Monitoring Neuroinflammation

As the understanding of the pathophysiologic process following acute brain injury including subarachnoid hemorrhage (SAH), stroke, and TBI has increased, awareness about the deleterious effects of inflammatory activation as both a trigger and exacerbating factor of secondary injury has created new opportunities in monitoring neuroinflammation. For example, findings from clinical studies suggest that neutrophils play a critical role in ischemia-reperfusion injury, because tissue damage is associated with extent of neutrophil infiltration. The critical role that systemic as well as local inflammatory activators play in determining the extent of central nervous system (CNS) injury following an ictus is highlighted by the emergence and widespread use of anti-inflammatory pharmaceuticals, such as statins, in neurocritical care. 3-Hydroxy-3-methylglutaryl coenzyme A (HMG CoA) reductase inhibitors, commonly known as statins, have lipid-lowering properties, and animal models of acute brain injury have demonstrated their anti-inflammatory properties. There is mounting evidence for the role of neuroinflammation as a contributor to secondary brain tissue injury in stroke, neurotrauma, SAH, and various chronic CNS diseases. Inflammatory mediators are indeed elevated in the cerebrospinal fluid (CSF) and serum of patients with acute and chronic brain injury, and are associated with poor outcome. Various animal models also point to potential protective mechanisms with the inhibition of proinflammatory mediators. As the role of neuroinflammation in secondary brain injury becomes more evident, the need to monitor its activity in the NCCU becomes important.

The knowledge that may be gained by monitoring neuroinflammation and its clinical utility can be organized into three main areas:

• 1.
  

  Identifying risk factors to predict secondary injury

  
  
• 2.
  

  Providing endpoints to monitor responses to specific therapies aimed at modulating the inflammatory state

  
  
• 3.
  

  Gaining insights into the pathophysiology of the disease process

Monitoring of neuroinflammation thus may provide a more sensitive and earlier detection of secondary injury and in turn widen the therapeutic window. Furthermore, studying the response of the various measured parameters to conventional and experimental medical and interventional therapies should augment our knowledge of the disease course and potentially lead to new therapeutic strategies.
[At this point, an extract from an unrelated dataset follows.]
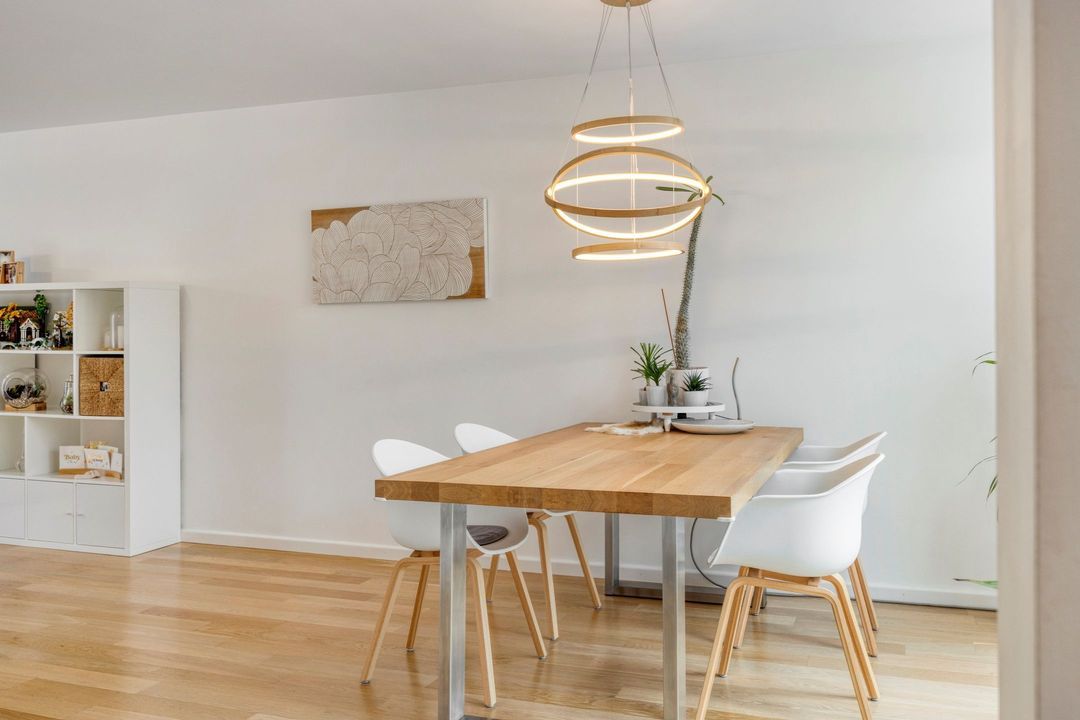 De woonkamer vormt een uitnodigende leefruimte van circa 45 m², met een mooie houten parketvloer die zorgt voor een warme en stijlvolle uitstraling. Dankzij het grote raam aan de voorzijde en de royale glazen pui met openslaande deuren aan de tuinzijde geniet deze woonkamer van een prachtige lichtinval gedurende de hele dag en staat het hele jaar in contact met de nette voor- en achtertuin. Een heerlijke plek voor zowel dagelijkse momenten als gezellige avonden.

Basic Science of Inflammation

The brain was once considered to be an “immune-privileged” organ system, inaccessible and independent from systemic inflammation. Although the CNS has unique features, this view has largely fallen out of favor because there is accumulating evidence of crosstalk between the CNS and the immune system outside of the CNS. For example, CNS cells have been shown to modulate peripheral immune function in response to peripheral disease and injury through the systemic release of various cytokines (i.e., interleukin-1 [IL-1], IL-6, tumor necrosis factor-α [TNFα]) and vagal efferents.

Cerebral edema has many potential causes but can be considered an inflammatory process. Indeed IL-1 neutralizing antibodies in animal models can attenuate brain edema. Because the skull is functionally a closed box, significant development of edema occupies the excess space in the cranium, after which pressure increases and so can damage neurons and glia. Cerebral edema occurs at different times in different cerebral injuries. In TBI and SAH, cerebral edema develops quickly and can cause increased ICP in many patients. Conversely, in ischemic stroke, cerebral edema develops slowly over the first 72 hours after the initial ictus. The reason for the differences in these time courses is not well defined; however, the course of cerebral edema could be predicted by monitoring inflammation.
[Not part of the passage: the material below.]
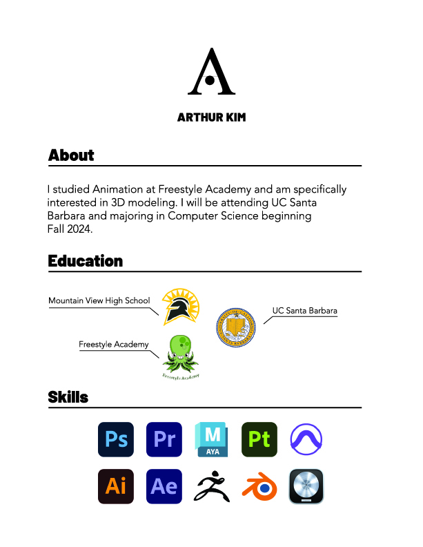 Hello, my name is Arthur and I was a student at Freestyle Academy. During my time at Freestyle, I enjoyed creating anything related to digital media, design, animation, and music production. I also spent time developing games because it combines a lot of different skills into one project, including game design, storytelling, art, and programming. My music and game development projects can be viewed under the “Personal Projects” tab.

Inflammatory processes contribute to CNS injury and neurodegeneration. In addition there is accumulating evidence that inflammation and in particular leukocyte-endothelial cell interactions, play a critical role in the pathogenesis of vasospasm after SAH and that inflammatory processes contribute to formation of cerebral aneurysms. Various types of acute and chronic brain injuries result in gliosis, a reaction characterized by the activation, proliferation, and hypertrophy of mononuclear phagocytic-type cells, which occurs in a well-defined manner to promote a systematic restoration of the brain parenchyma in the setting of neuronal injury. This process is mediated by the resident astrocytes and microglia, which produce various chemical mediators to recruit peripherally derived immune cells to further enhance the inflammatory response. The inhibition of these chemical mediators (i.e., TNFα, IL-1) and the key components that modulate leukocyte trafficking across the blood-brain barrier (BBB) have shown great potential to improve outcome in neuroinflammatory diseases such as multiple sclerosis and hold the same potential in acute brain injury (natalizumab therapy).
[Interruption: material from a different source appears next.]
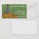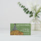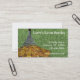 En visitkort för gräsmatta som är tjänste- eller landskap med grönt gräs, löv och, krattar.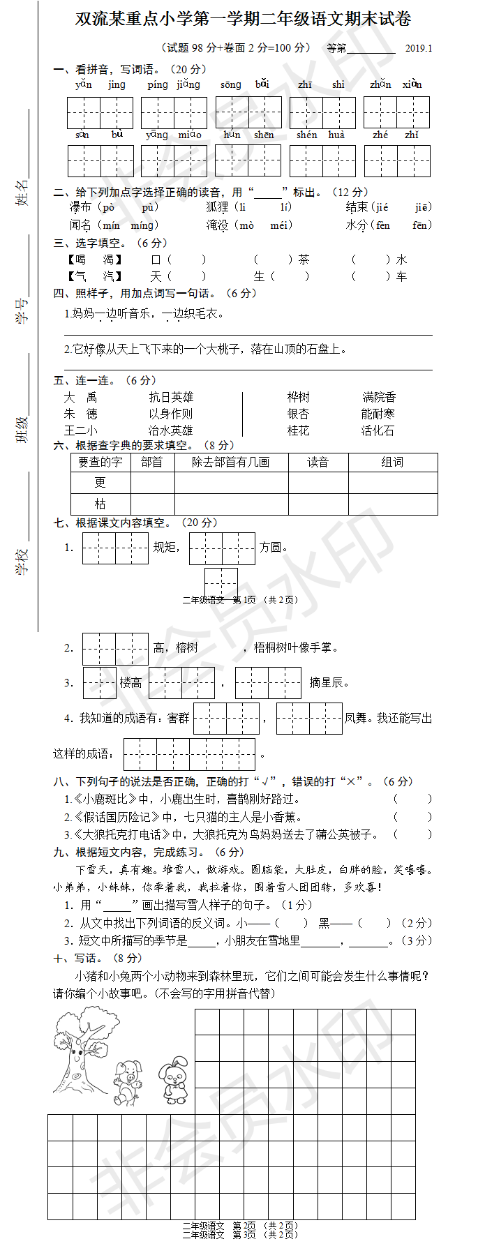 雙流某重點(diǎn)小學(xué)二年級上冊語文期末測試3

Biology of the Brain’s Immune System

Inflammatory processes within the CNS are different from the periphery because the CNS parenchyma lacks resident dendritic cells, with inflammation instead being initiated by the resident microglia. The exact role of microglia remains under debate because they release a number of factors that modulate both secondary injury and recovery after injury, including pro- and anti-inflammatory cytokines, chemokines, nitric oxide, prostaglandins, growth factors, and superoxide species. The most unique quality, however, is the presence of a BBB that regulates the subsequent immune amplification by the peripheral inflammatory cells. The BBB, along with the neuroepithelial cells, modulate the inflammatory mediators and ultimately the peripheral leukocytes that participate in a neuroinflammatory state. These key mediators, namely the cytokines and adhesion molecules, are the focus of current drug development.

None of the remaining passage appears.